O tráfico negreiro foi se intensificando ao longo dos anos como um macabro empreendimento que gerava fortunas para seus exploradores. Postos avançados e portos na costa da África foram estabelecidos para proporcionar estrutura para o funcionamento do negócio, que contava com cooperação africana para o fornecimento humano. Líderes nativos e comerciantes locais participavam do processo ajudando a manter um fluxo elevado de escravos, obtidos por meio de guerra, captura, pela intensificação da imposição de penas que resultava na escravização dos condenados. Esta complexa cadeia de fatores e envolvimentos contribuiu para arruinar regiões inteiras do continente africano, despojado de parte de sua população de uma maneira absurda.
Após o cruel e perigoso desafio da travessia oceânica nos navios negreiros, homens, mulheres e crianças que chegavam ao destino na condição cativa eram submetidos a tratamentos aviltantes e jornadas de trabalho extenuantes, mas havia muita resistência. O confronto ao escravismo já corria na própria África, quando populações lutavam – e frequentemente em condições desiguais – contra os agentes do escravistas financiados por recursos pagos pelos europeus e a luta persistiu nas colônias estabelecidas nas Américas através de diversas formas de agir. Através de atos abertos como rebeliões organizadas, massas de escravos insurgentes tentaram obter a libertação enfrentando os senhores e suas estruturas de dominação, embora ações desse tipo fossem raras em função da grande dificuldade de execução. As fugas eram eventos mais comuns e podiam ocorrer através de iniciativas isoladas ou planejadas, quando até grupos de escravos conseguiam escapar do local de cativeiro. Os escravos fugitivos tinham ainda que enfrentar o desafio de despistar os captores, figuras como os capitães-do-mato que eram encarregados de resgatar os fugitivos.
Os quilombos eram comunidades de resistência que agrupavam populações que se organizavam em locais estrategicamente de difícil acesso como refúgios para escravos fugitivos e outros desvalidos sociais, incluindo indígenas e mesmo brancos em condições de miséria. Nas sociedades quilombolas eram estabelecidas suas próprias estruturas de governança, atividades produtivas e aparatos ou estratégias de defesa. O poder dominante reconhecia os quilombos como organizações desafiadoras que precisavam ser contidas, pois representavam para a população escrava uma possibilidade real de escapar da sujeição e por esta razão eram organizadas expedições massacrantes de combates contra as sociedades libertas.

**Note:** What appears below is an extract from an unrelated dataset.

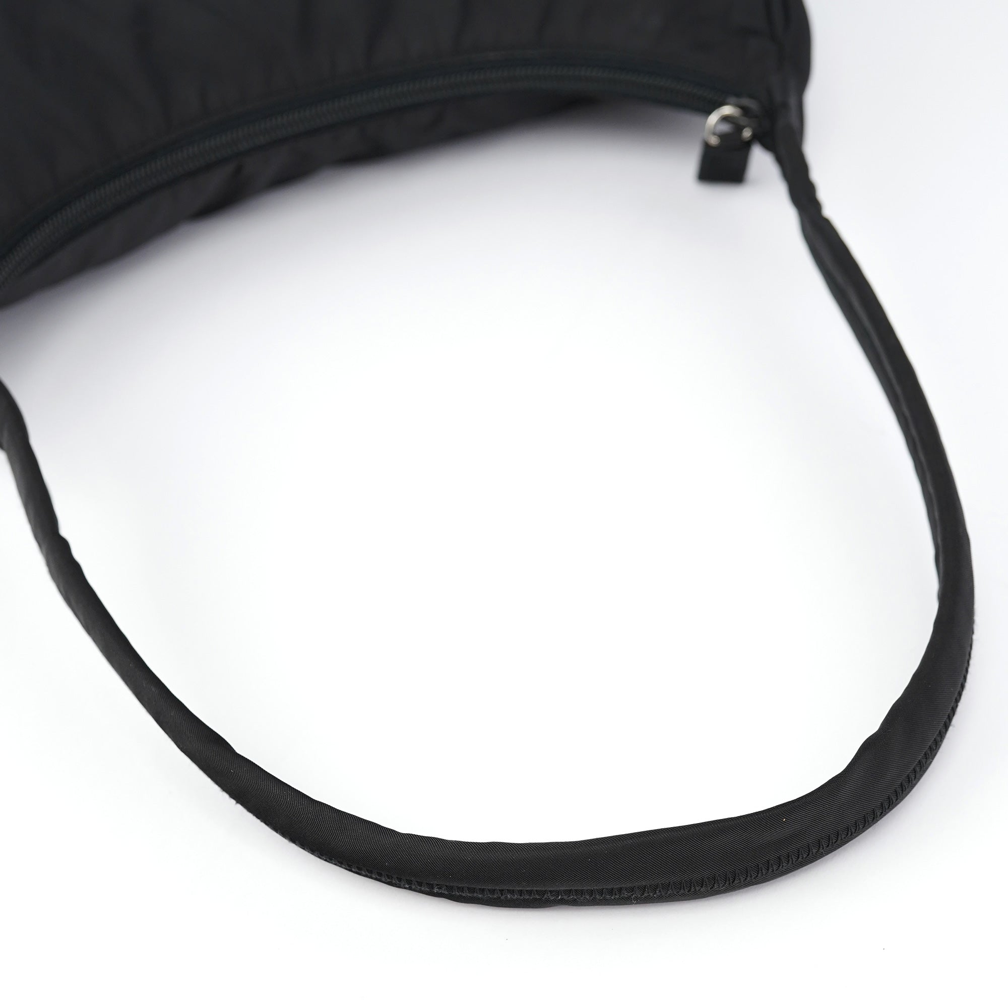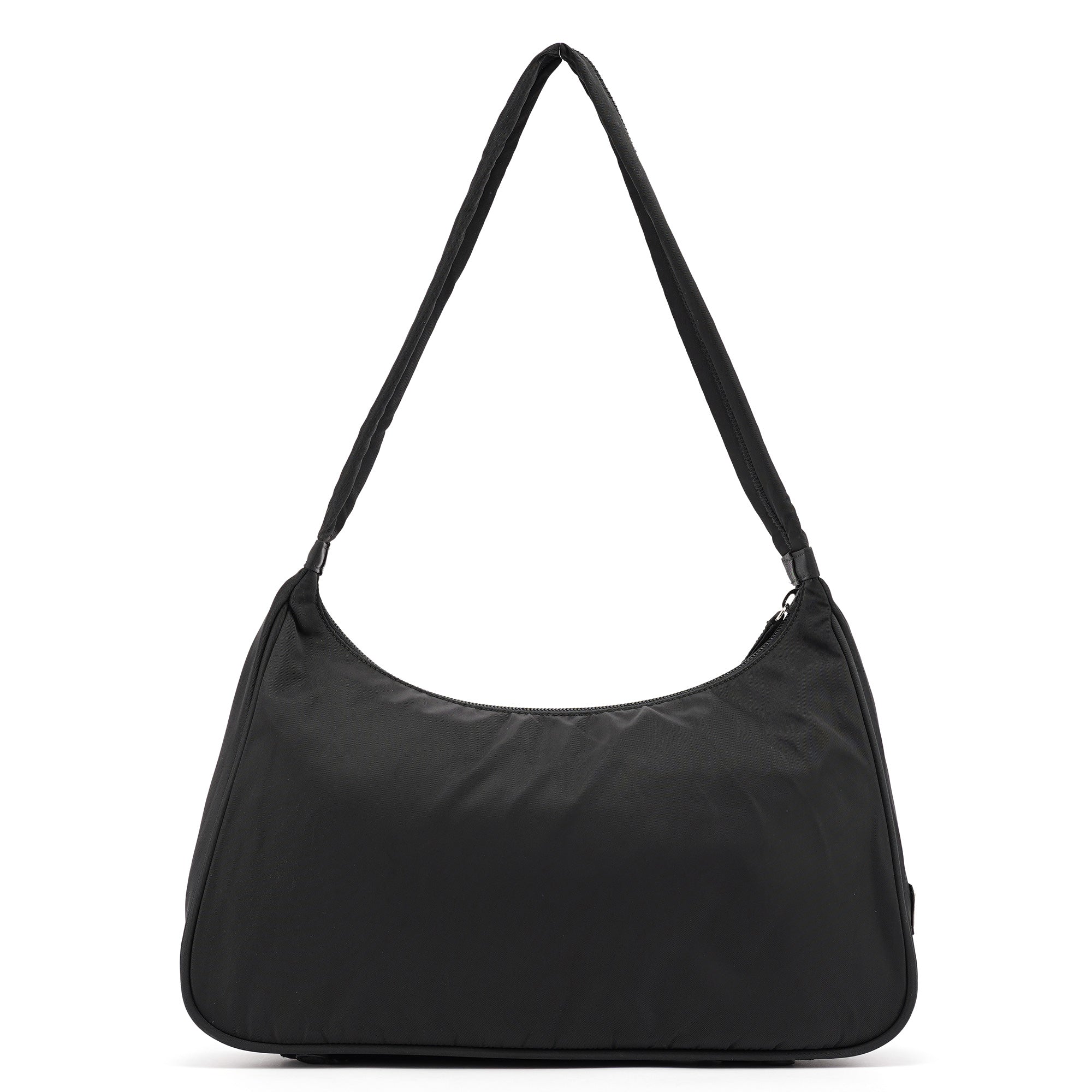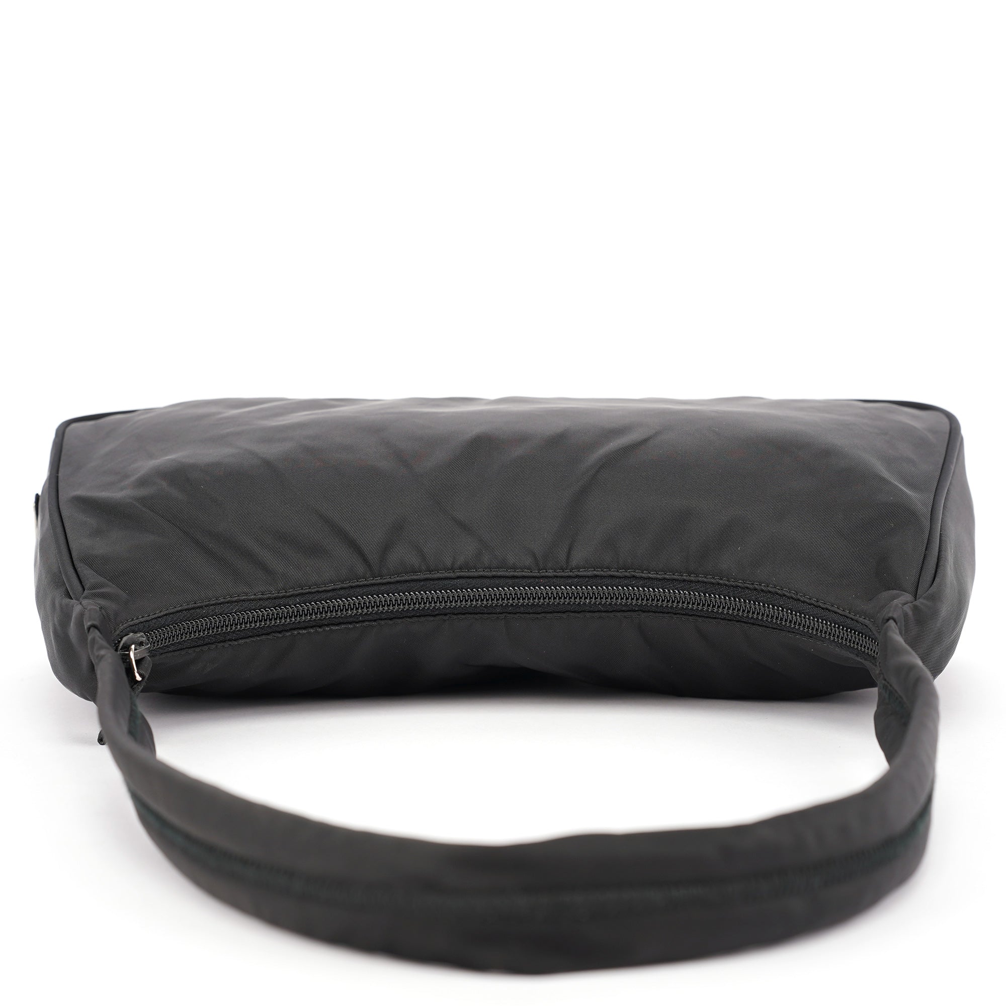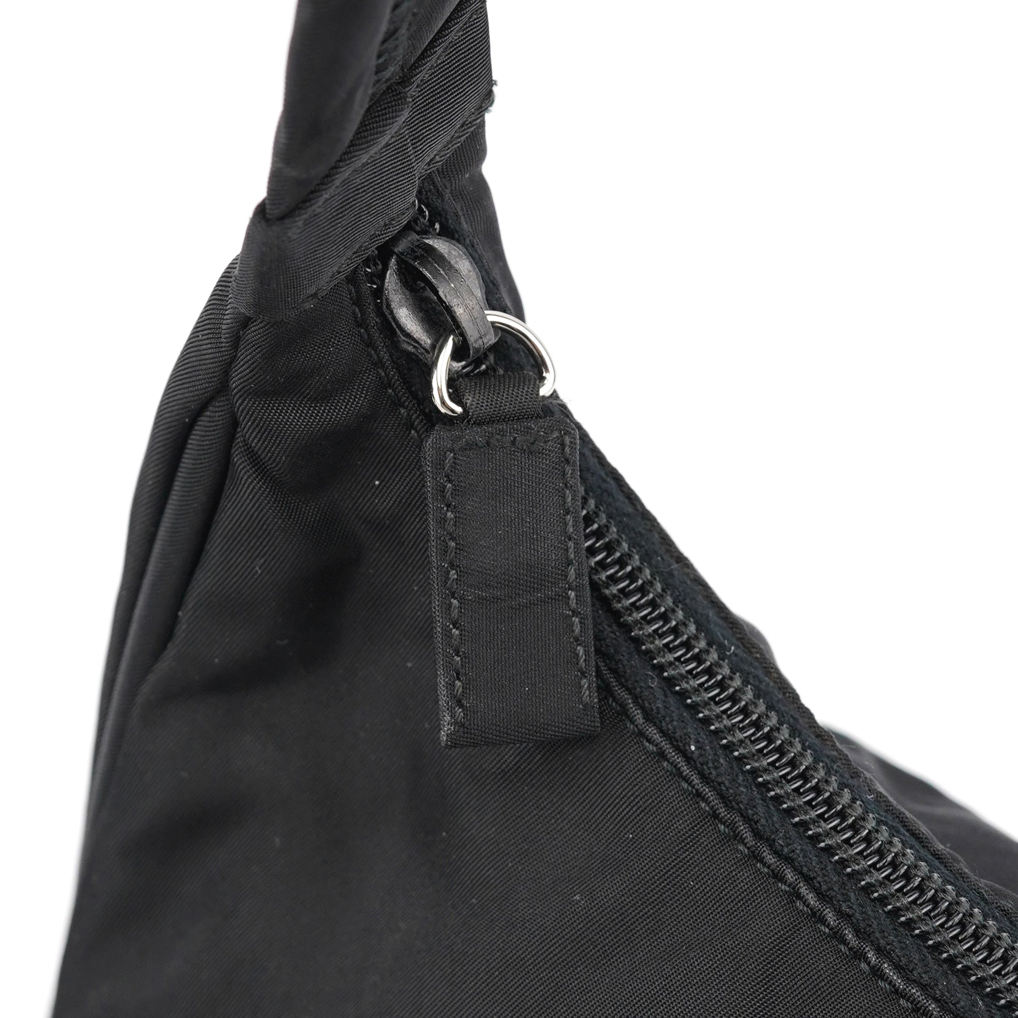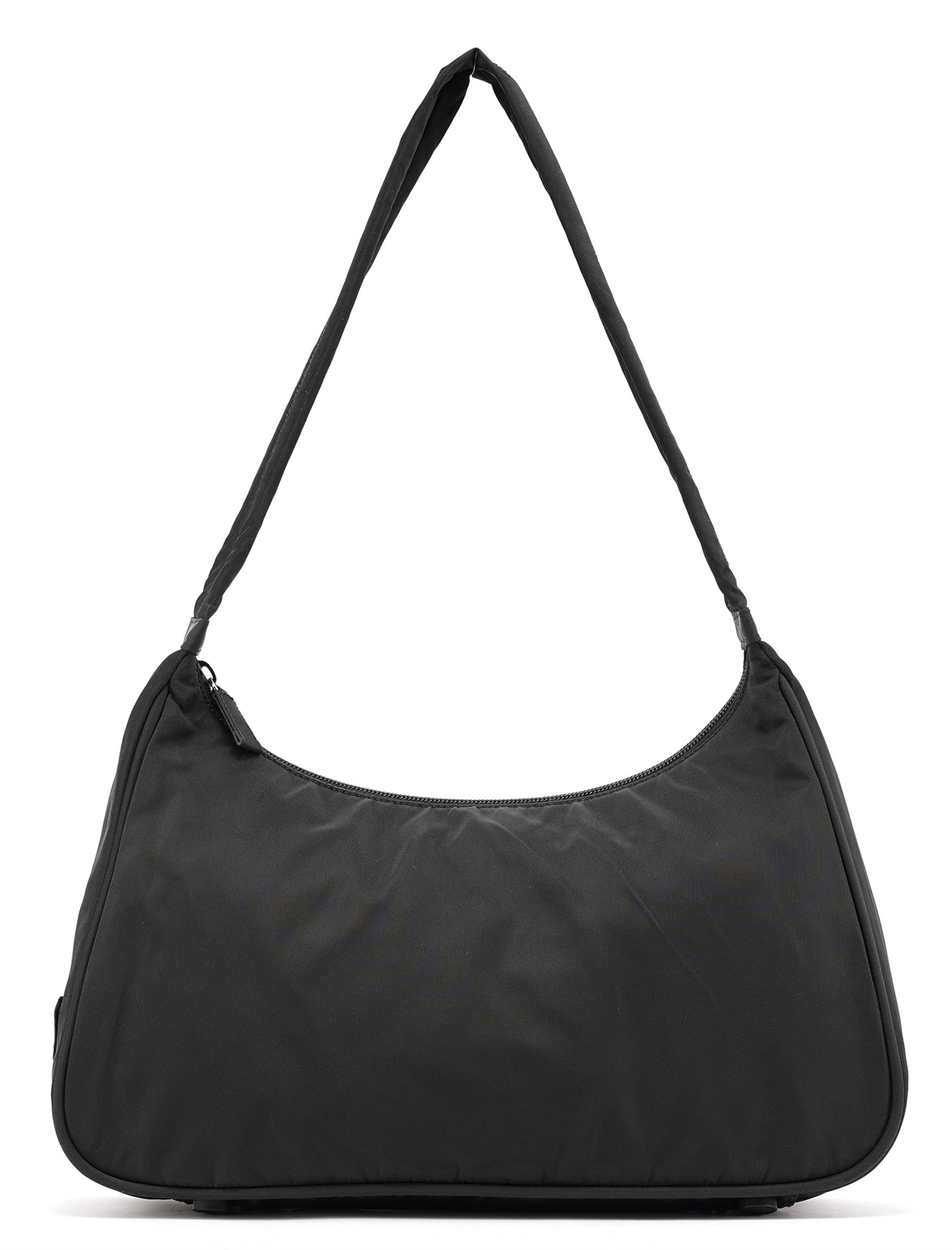 Designed in the late 1990s by Miuccia Prada, this Prada Tessuto hobo shoulder bag is crafted in signature black Tessuto nylon with a structured hobo silhouette and smooth leather trim. It features the iconic enamel triangle logo plate on the side, a top zip closure, and a spacious interior lined in logo jacquard fabric. As popularised by Kendall Jenner.

Diversas formas alternativas de resistência eram empregadas cotidianamente pelos escravos, incluindo sabotagens, extravios e furtos de bens e produtos gerados nas propriedades, havia quem forçasse a insatisfação de um senhor para poder ir parar em outro local sob um novo domínio que pudesse ser mais brando e variadas articulações voltadas para o atendimento de objetivos e mesmo a preservação das tradições ancestrais eram formas de resistir. Ações violentas como atentados vingativos e até atos contra a própria vida eram também desempenhados por escravos em situações extremas.
A dominação extrema e o comércio humano que fizeram parte do processo escravista deixaram marcas e danos severos na África e do lado de cá do Oceano Atlântico. Os males desencadeados pela escravidão repercutem atualmente através de manifestações de desigualdades e do sentimento de vexame histórico que precisam ser encarados através de reparações, de ações inclusivas e de abordagens que confiram às tradições africanas os devidos reconhecimentos como partes significativas das nações que surgiram através da colonização de base escravista.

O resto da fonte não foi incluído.